Dealing With Depression
Here comes the time when many turn their backs on the person who has just snubbed them, leaving the unfortunate to "stew in their own juice." All too often, this self-centred attitude drives them even deeper into depression because they feel abandoned by the friend they thought could help. They did try to ask, but mood and circumstances caused the words to come out in a way that wasn't intended. The fact that the outburst was taken the wrong way wasn't their fault - they were confused, troubled and more than a little frightened of what seemed to be happening to them, a progressive illness that they couldn't explain, not to themselves or anyone else. In their eyes, no-one cares, not about their state of mind, nor the problems making them feel the way they do. A singular incident like this can trigger a paranoid defensive reaction targeting all and sundry. Every friend looks increasingly like an enemy, and strangers are viewed with suspicion as co-conspirators. Although irrelevant to the rest of us, they can regard isolated events occurring on the other side of the world as personal attacks. It sounds irrational. It is, but it is understandable - the original clear-thinking person who only had a few problems has graduated to become a patient in need of psychiatric treatment; all thanks to the thoughtless act of someone who didn't realise how serious the situation was soon to become.

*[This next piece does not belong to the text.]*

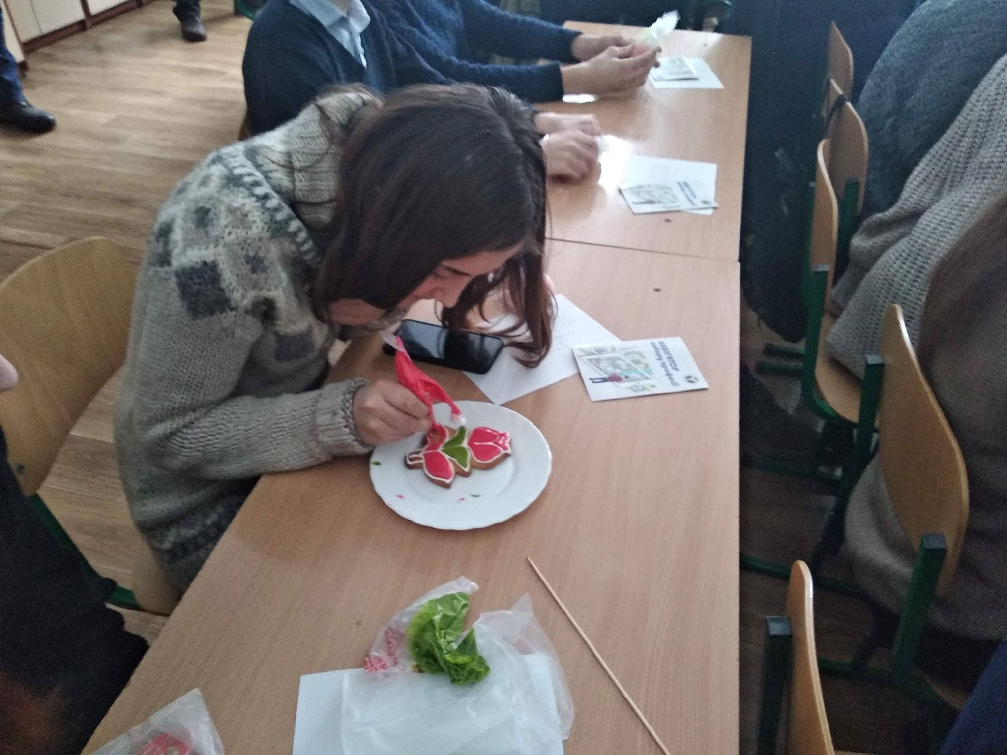 Учасники заходу вправно та з великим завзяттям розписують пряники глазуррю й айсингом. Майстер виробничого навчання Доміна О.П. надав можливість учням відчути себе електромонтерами, виконуючи операції з провідниковими виробами та з’єднувальною апаратурою.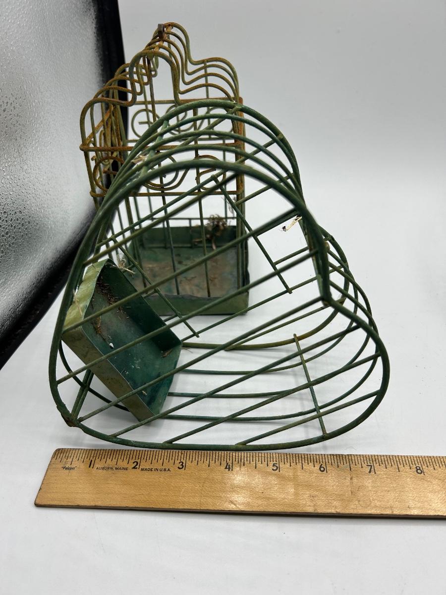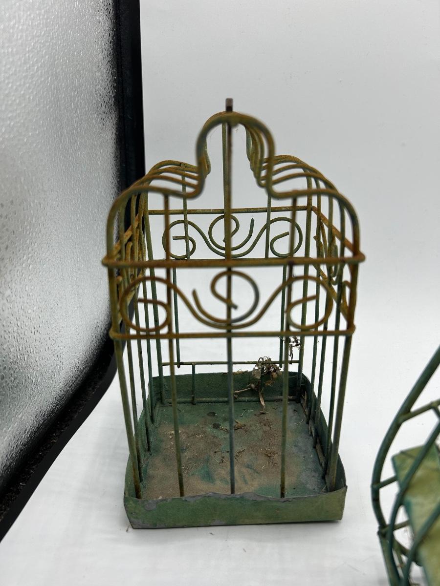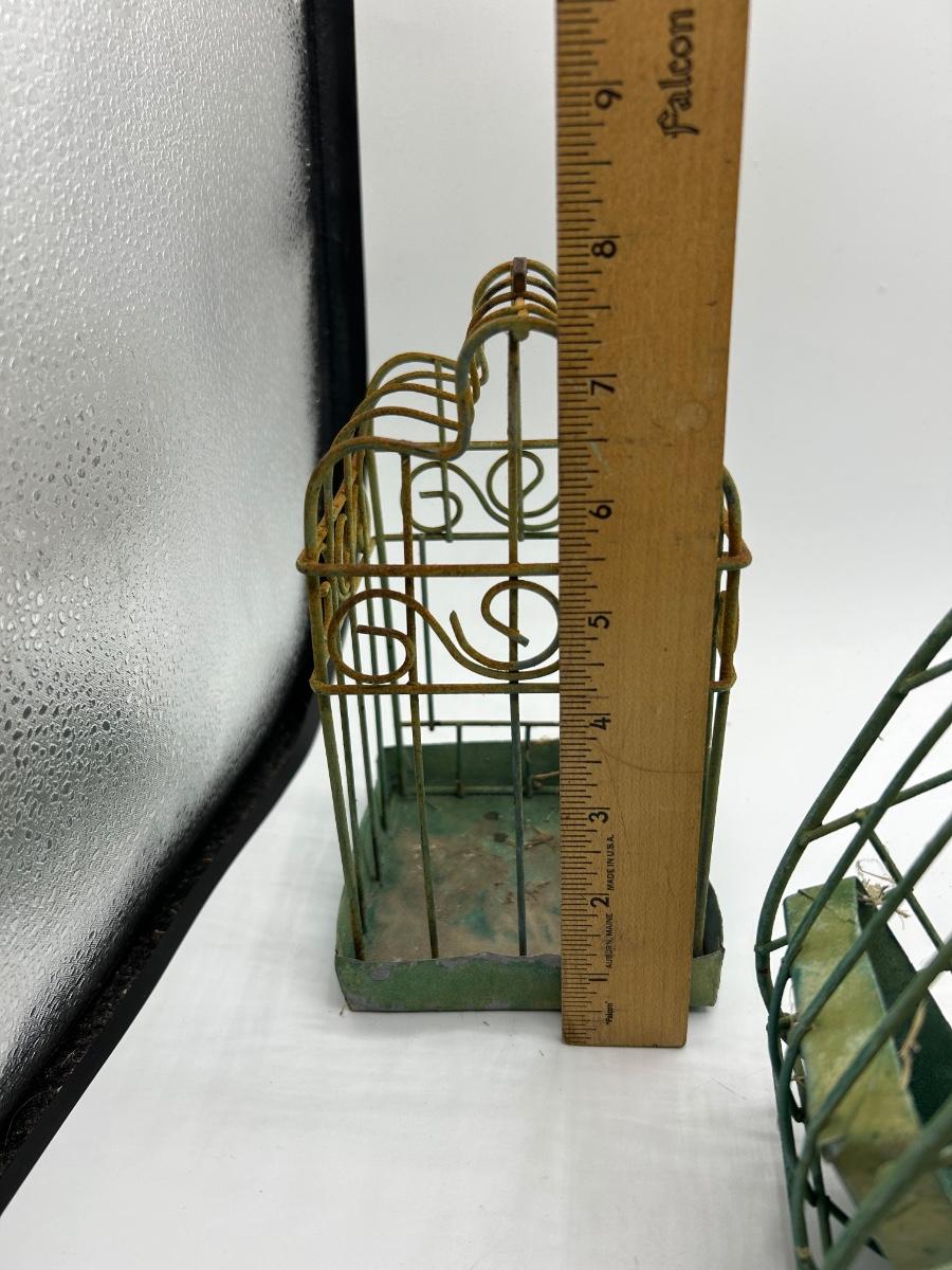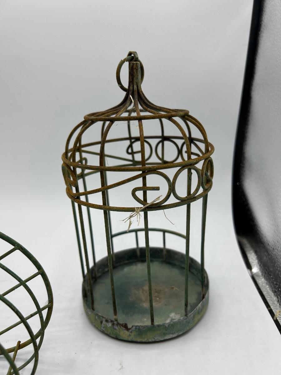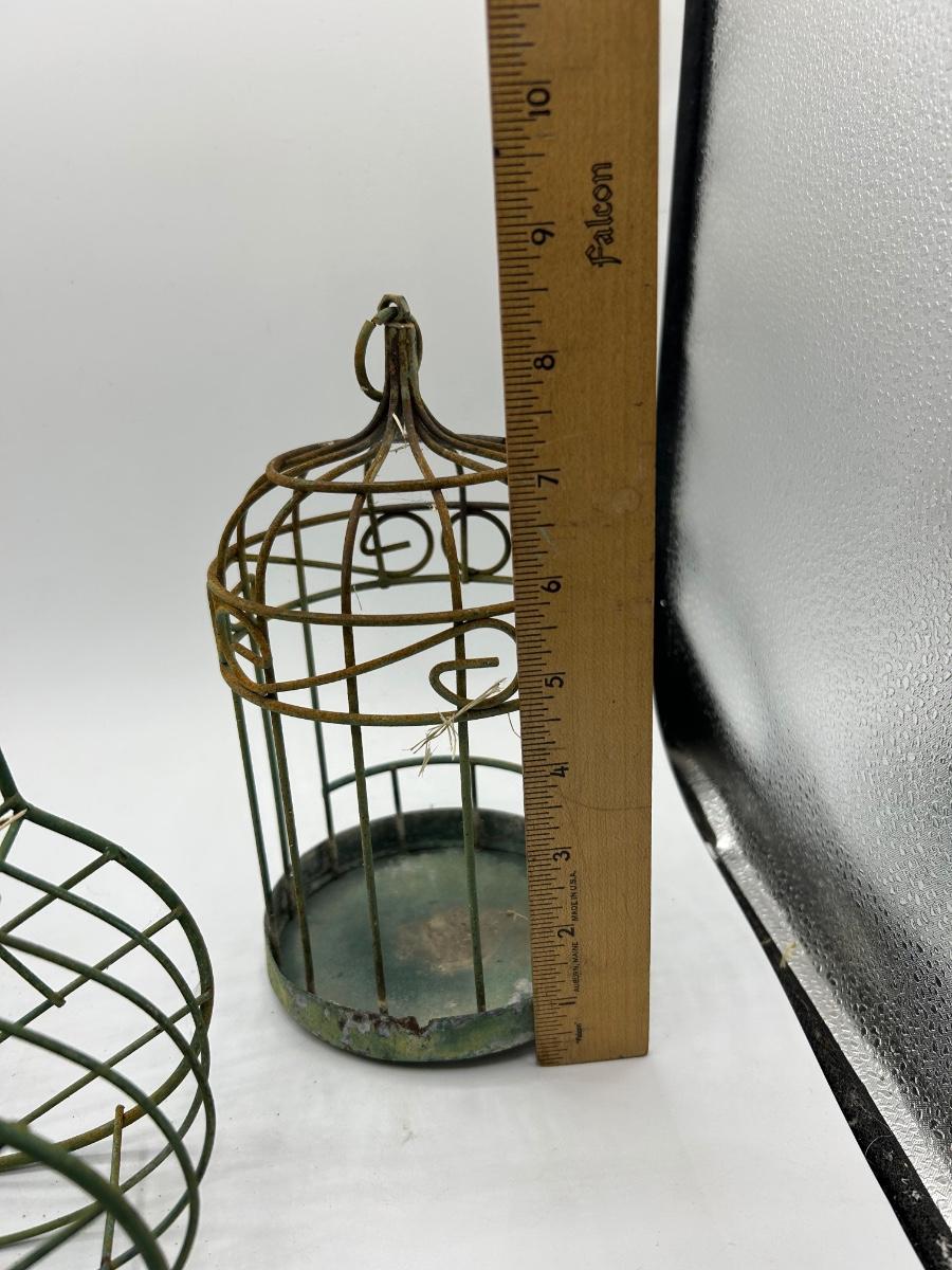 Lot of Three Weathered Green Painted Metal Birdcage Candle Holders Garden Yard Art. Previously displayed condition, some rust from being outside. Under 9" size.

It may be possible to coax them into visiting a doctor, especially if they are displaying clinical conditions such as dermatitis, digestive problems, migraine, or insomnia. In the main, these are ailments which can be treated to help alleviate some of the side-effects of anxiety and depression; but a few pills and creams won't fix the major problem. Assuming the doctor recognises the underlying cause, a referral to a specialist is likely to be the next step. Though probably advisable, this suggestion could actually make matters worse. For the patient, the mere mention of psychiatry can have them believing they are going insane, as they suspected they were. Now is the time when the support of those around them is essential, to allay their fears and reassure them that the expert they will be going to see is their best chance of recovery. They also need convincing that everyone will continue to be there for them, through thick and thin; and this assurance has to be more than just empty words. The last thing they need to discover is that friends and family are beginning to distance themselves.
This can happen when a patient agrees to visit a psychiatrist. For their close associates, apart from feeling uncomfortable in the presence of someone who is "not quite right in the head", there is a danger in assuming that everything will be okay now that treatment is going to be specific and customised. Some may even regard their job as done, especially those who were instrumental in steering the patient towards a mental health specialist in the first place. The reality of the situation is far from it. Anyone not admitted as an in-patient to a clinic will need even more support, in particular the continuing kind; and it won't be easy.
Drugs of various types will be trialed to control such things as anxiety, sleep patterns and other behavioural abnormalities. Ideally, administration of these should be monitored by another party, especially if the patient is believed to have a tendency towards self-harm. Even if not, it must be remembered that they are confused and can't be relied on to take what is necessary, when it must be taken. Unless advised by the specialist who prescribed them, there is no leeway. A patient may feel "better" and not really in need of their bedtime pill; the carer might agree; neither can make that decision. Medication must be taken exactly as directed by the doctors - otherwise they can't know if it is having the desired effect, or if it needs changing. Should there be an unexpected adverse reaction to a particular medication, this fact should be reported immediately to the specialist before administering it again, or discontinuing it altogether.
Psychiatrists are the target of many jokes, so too people suffering from mental illness; but this is definitely no laughing matter. Friends trying to make light of the situation in the hope that humour will lift the mood of a patient are playing with fire. This is saying: "Come on, join in the fun." Such action, albeit well-meant, is more likely to bring tears than happiness. How can sufferers of depression enjoy themselves when they can't remember how? Seeing others clowning and laughing just reinforces the distance between the dismal place they find themselves in and the cheerful one they may never visit again. In these cases, actions and words speak very loudly indeed. Any approach should be gentle and pre-considered, tone of voice normal, subjects mentioned neither invasive nor confrontational. A patient's response to these and other stimuli will be a guide to what is and is not appropriate; but it may only apply to a particular moment: a change of circumstances or exposure to fresh information can produce an unexpected, perhaps seemingly alien reaction. A photograph, a casual comment, glimpsing a TV show or news report, hearing a sound outside like squealing tyres, any of these can trigger an instant replay of a past incident which has contributed to their current state of mind. Quizzing them on a sudden bad reaction should be left to the professionals; the job of carers is to offer words and deeds that comfort and reassure. Patients need to know that the world they thought was lost forever is still there and is ready to welcome them back without obligation.